Roman's play addresses those assumptions in Charlie's adult daughter, Elaine (Melissa Hersh), who's horrified by her father's antics. The play also stars CTL regulars Conrad Shull as Polly's son, Robert, and Beau Schemery as her nephew, Marc.

Connor said that the cross-generational aspect of "Moving Mountains" broadens its appeal.

"This play speaks to those who have aging parents, and to those who have adult children," Connor said. "I believe CTL strives for a variety of productions each season and Moving Mountains helps reach a diverse audience."

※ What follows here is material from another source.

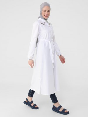Refka Beyaz Çiçek Nakışlı Yırtmaçlı Poplin Tunik Elbise

"Moving Mountains" also is an opportunity for diverse local theater veterans to bring together their own separate theatrical histories to tell a tale of life experience. Though the cast and their director have contributed to area theater in general and CTL in particular, their paths have rarely crossed.

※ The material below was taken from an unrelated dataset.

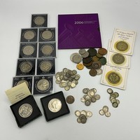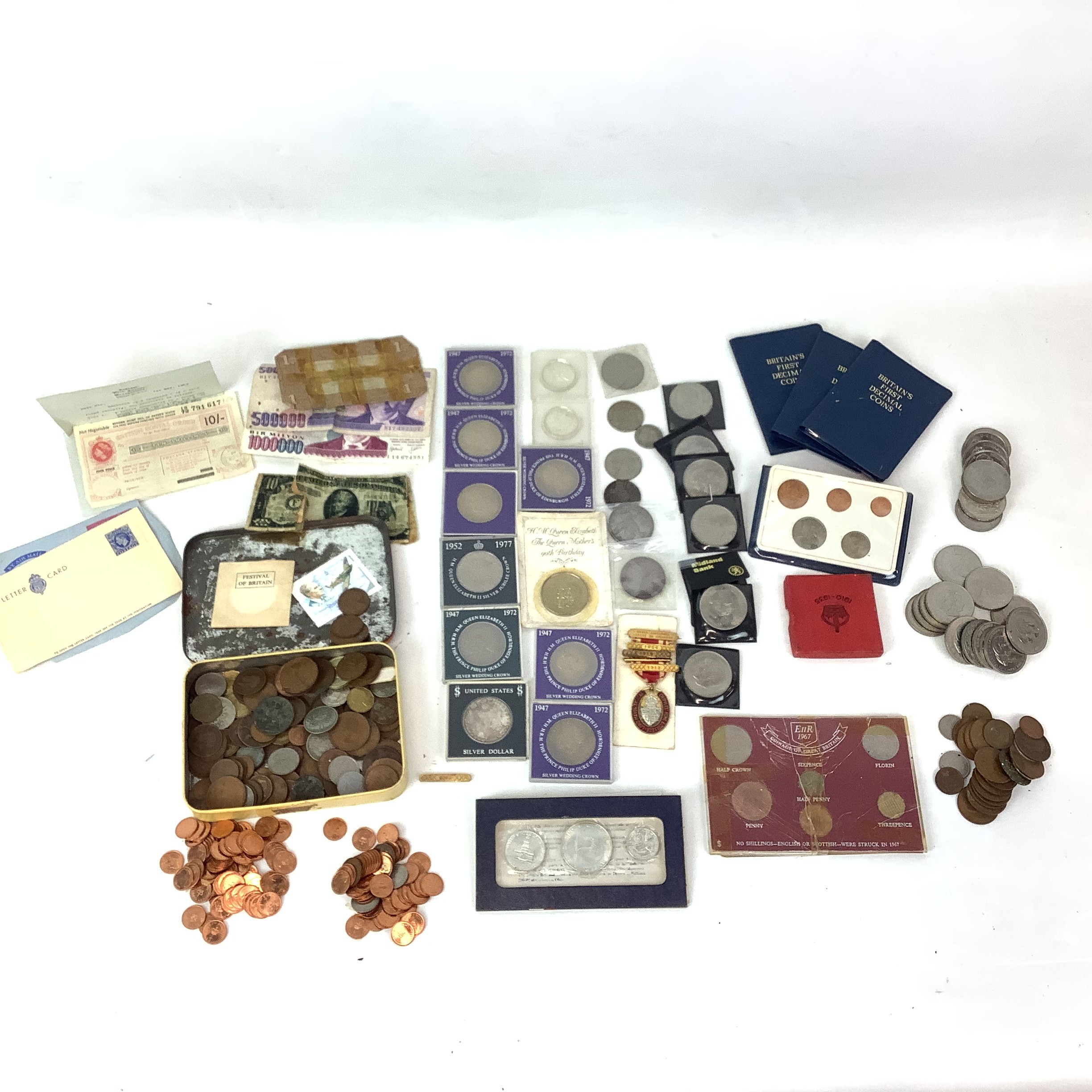 English and American coinage, to include 1935 crown, 1881 S Morgan Silver Dollar, 1884 O Morgan Silver Dollar, four Britain's First Decimal Coins sets and an assortment of commemorative coins, etc.

An English teacher at Montoursville Area High School, Connor has directed plays on her home turf since 2008, including this year's production of Oscar Wilde's "The Importance of Being Ernest." She's performed at CTL as the fairy godmother in "Cinderella," and as the detective in "Clue: The Musical."

Taylor runs his own theater company, Customed Tailored Productions, which mounts murder mysteries in Pennsdale and last year staged a production of "The Rocky Horror Picture Show."

And Fairman's experience has typically been dramatic or directorial. Her first performance with CTL was in Arthur Miller's "Death of a Salesman" and she's also played Blanche in Tennessee Williams' "A Streetcar Named Desire."

While the cast for the most part is younger than their fictional counterparts, their collective experience and passion for the theatre imbues "Moving Mountains" with the sense of life - and life experience - it exhibited during early rehearsals.

Fairman, Conner and Taylor also all separately summed up a very specific hope for the play and the effect they'd love to see it have on its audience. When the lights dim at the the play's close, the cast wants one message to resonate.

"Just because we age, it doesn't mean we're old," Taylor said. "And it doesn't mean that life is over. And it doesn't mean that we still don't have or can't have feelings for another person, or want to be intimate with someone. It's not that you hit a certain age (and) a switch goes off and that's it. I think if that happens it's because a person lets it happen. It doesn't have to happen at all. There's nothing that says that 'at this particular time of life, you stop wanting to have sex.' Or you want to sit in front of the TV and drink beer and get a beer gut or whatever. It doesn't have to be that way.

"I have a friend whose still doing shows and is 90 - and he's damn good," Taylor said. "He's really good, still really, really good at what he does. And he's a perfect example. I always say that when I reach your age, if I reach your age, I hope I'm even walking. Like I said, it's all in the individual. It's all based in the individual."

For Fairman's part, the actress has little doubt of the play's appeal. "I know people are going to love it," she said. "People of all ages are going to love it."